Absolutely Small - Michael D. Fayer [30]
FIGURE 6.4. The superimposition of 250 waves with equally spaced wavelengths spanning the wavelength range 0 to 4. Compared to Figure 6.3, which is the superposition of five waves, this superposition has a much larger peak at x = 0, the region of maximum constructive interference, and destructive interference reduces the other regions more. The amplitude of the superposition is dying out going toward +20.
THE SUPERPOSITION PRINCIPLE
In Chapter 5, the interference experiment was analyzed in terms of the superposition of two photon translation states, T1 and T2. A photon in the interferometer is described as being in the 50/50 superposition state, T = T1 + T2. The idea of superposition is central to the quantum theoretical description of nature; it is called the Superposition Principle and assumes that “Whenever a system is in one state, it can always be considered to be partly in each of two or more states.”

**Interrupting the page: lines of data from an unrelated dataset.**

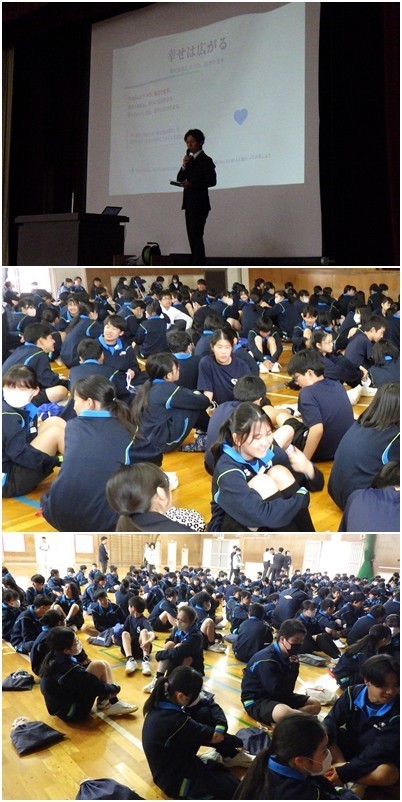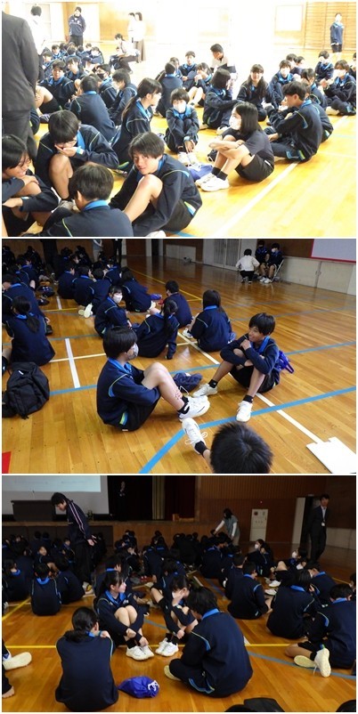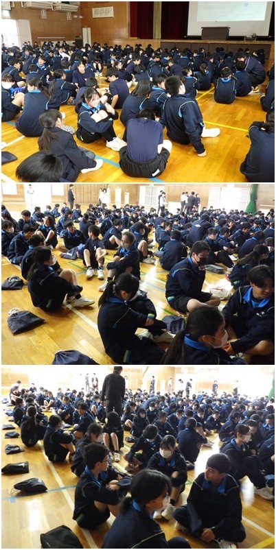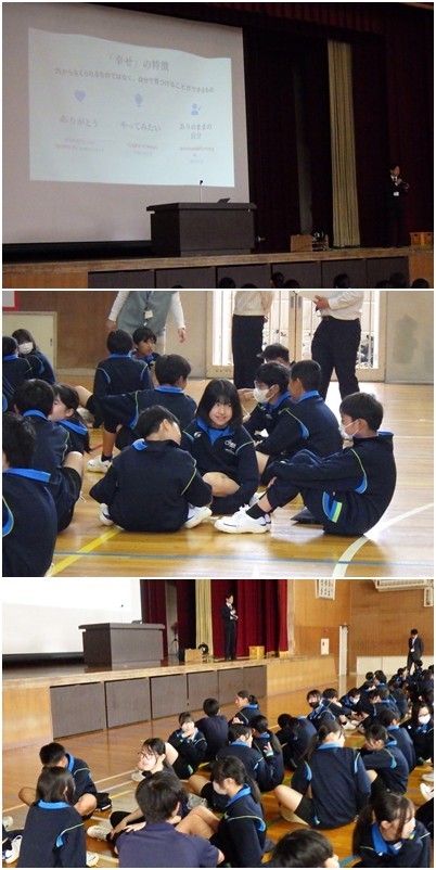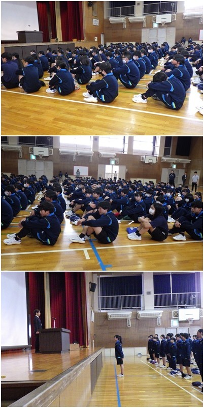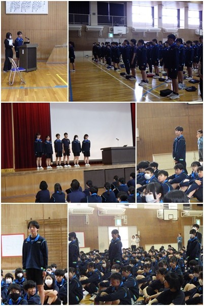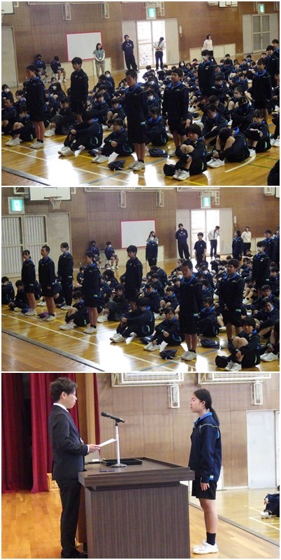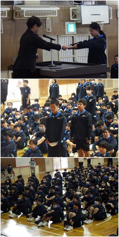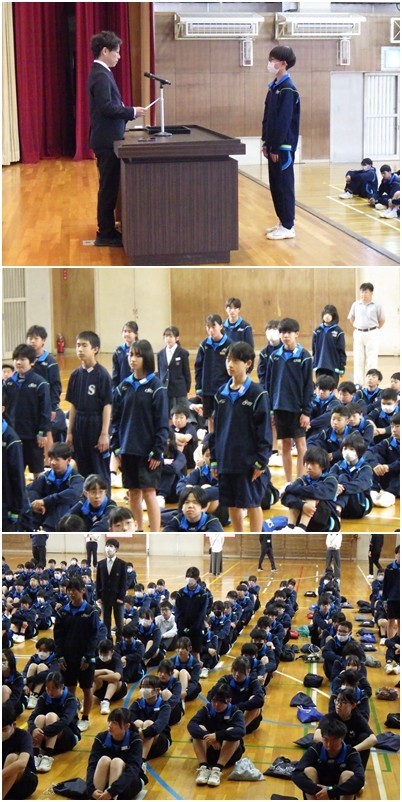全校集会の様子です。学級役員、委員長の任命席を行いました。
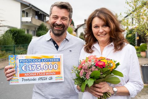 Auch Michael und Karina haben ein Los im gezogenen Postcode. Das Ehepaar ist sehr aufgeregt, als Felix klingelt. Als die beiden ihren Scheck aus dem goldenen Umschlag ziehen, können sie ihr Glück kaum fassen: "Ah ne, oder? Wir sind überwältigt!“ Die beiden Glückspilze jubeln gemeinsam über 175.000 Euro und wissen sofort, was sie mit dieser gewaltigen Summe anfangen: "Wir können die Hochzeit unseres Sohnes bezahlen, das kriegt er als Geschenk. Der andere Sohn bekommt ein gebrauchtes Auto. Und der Rest bleibt für uns!"
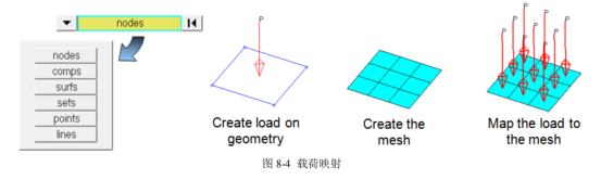 然后在网格剖分结束后,通过 HyperMesh 中的载荷映射功能,将此前施加于几何上的载荷,精确映射到有限元模型上去。
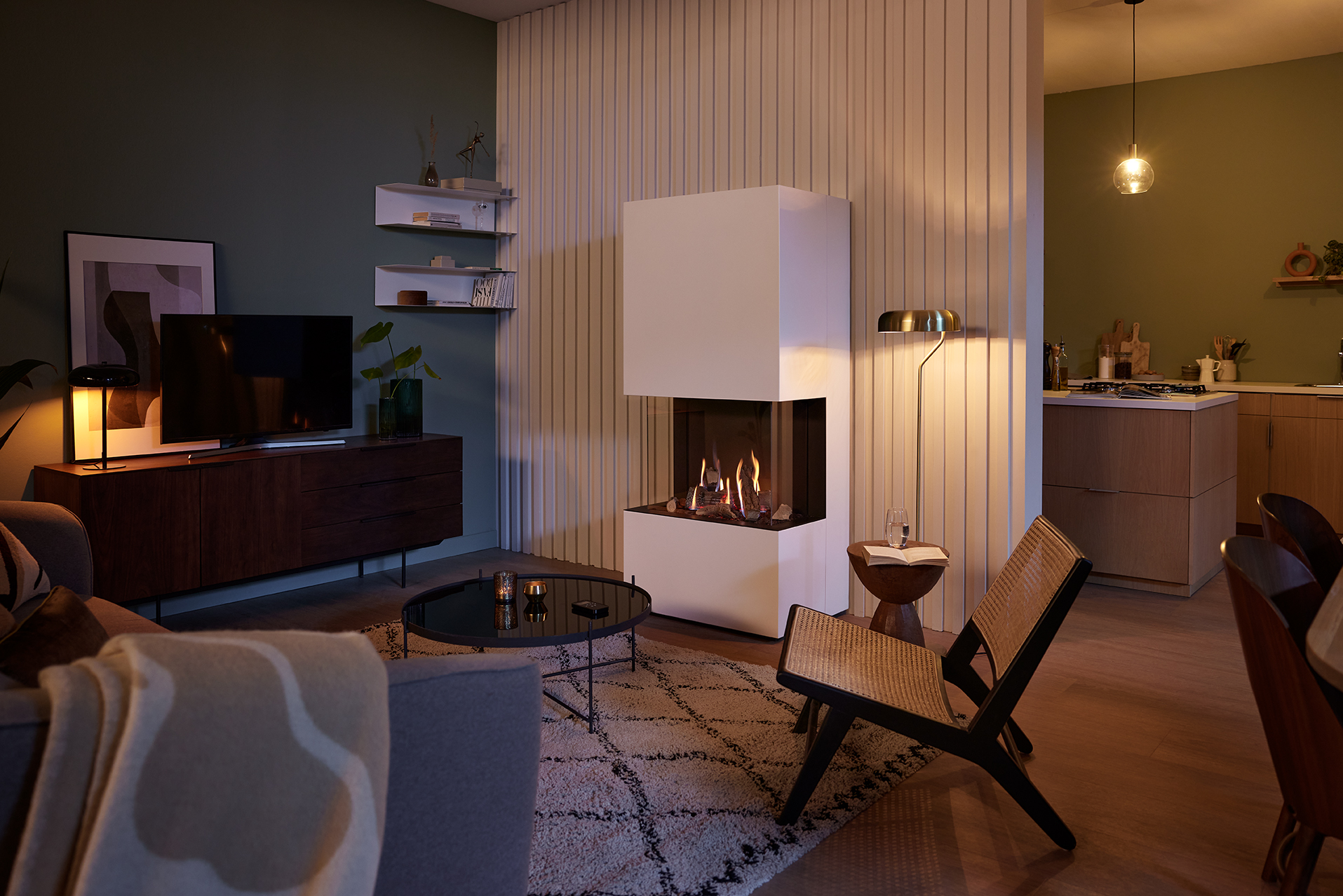 3 yönü camlı, modern doğalgazlı soba modeli.
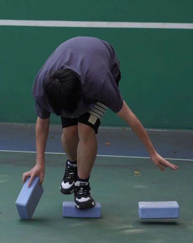 这一关中需要选手们“摸着石头过河”,脚踩三块泡沫砖交替前进,若每位选手身体各个部位沾地次数小于三,即为挑战成功。选手们努力调整肢体形态,在行走过程中保持平衡和身体的协调性。
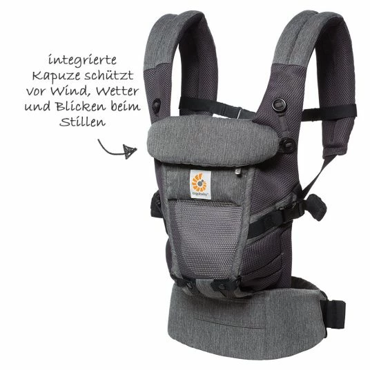 Bequem und gesund: In der Babytrage Adapt sitzt Dein Kleines immer in der gesunden Anhock-Spreizhaltung. Egal ob in der Bauch-, HΓΌft- oder RΓΌckentrageweise: die WirbelsΓ€ule ist leicht gerundet und die Beinchen angehockt. Der ergonomisch geformte Schalensitz besteht aus atmungsaktivem Material und macht es Deinem Kind fΓΌr lange Zeit superbequem. Das komplette RΓΌckenteil ist aus 3D Air Mesh gefertigt und sorgt so das ganz Jahr ΓΌber fΓΌr einen optimalen Temperaturausgleich bei Deinem Baby. Eine integrierte Kapuze schΓΌtzt nicht nur vor Wind und Wetter, sondern auch vor Blicken beim Stillen. Auch ein verdientes SchlΓ€fchen ist dank der Kopf- und NackenstΓΌtze problemlos mΓΆglich.
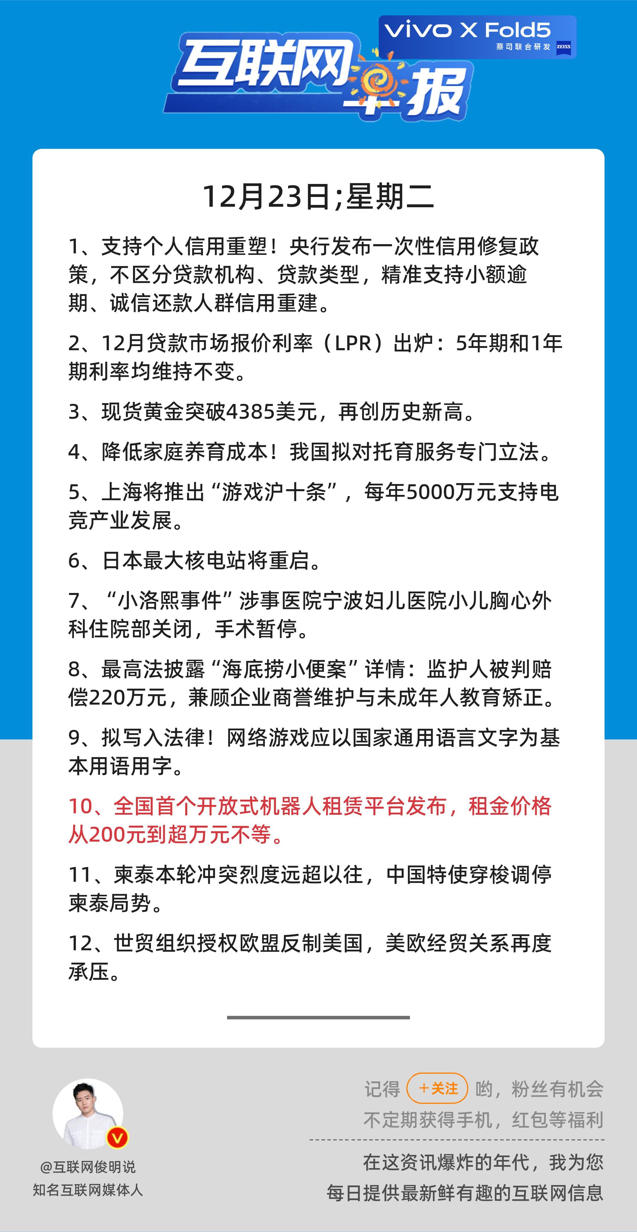 12月23日,星期二,《第2996期》;互联网早报,众览天下事关心第10条:全国首个开放式机器人租赁平台发布,租金价格从200元到超万元不等;早安————————————点击右上方关注每天一分钟众览天下事,互联网早报值得拥有! 更多精彩,欢迎加入粉丝群俊明和他的朋友们

An original state can be regarded as a superposition of two or more states, as in the interference problem in which the translation state T of the photon was described as a superposition of T1 and T2. Conversely, two or more states can be superimposed to make a new state. It is this second statement that we will now use to understand the fundamental nature of particles. The fact that a photon can act like a particle in the photoelectric effect but act like a wave to give rise to the interference effect follows from the superposition principle and leads to the Heisenberg Uncertainty Principle.
Eigenstates
In connection with Figure 6.1, it was stated that a free particle with perfectly defined momentum p is a delocalized probability amplitude wave spread out over all space. If a particle exists in such a state, it is said to be in a momentum eigenstate. In discussing the interference problem, we called T1 and T2 pure states, but the correct name for them is eigenstates. Eigen is German for characteristic, so an eigenstate is a characteristic state. An eigenstate for a particular observable property, such as momentum, is a state with a perfectly defined value of that property. The momentum eigenstates of a free particle are delocalized over all space. One such eigenstate exists for each of the infinite number of possible values of the momentum. Each of these momentum eigenstates is associated with an exact value of momentum of the particle. The particle’s location is uniform over all space because the wavefunction associated with the eigenstate is spread out over all space. However, the Superposition Principle tells us that we can superimpose any number of momentum eigenstates to make a new state.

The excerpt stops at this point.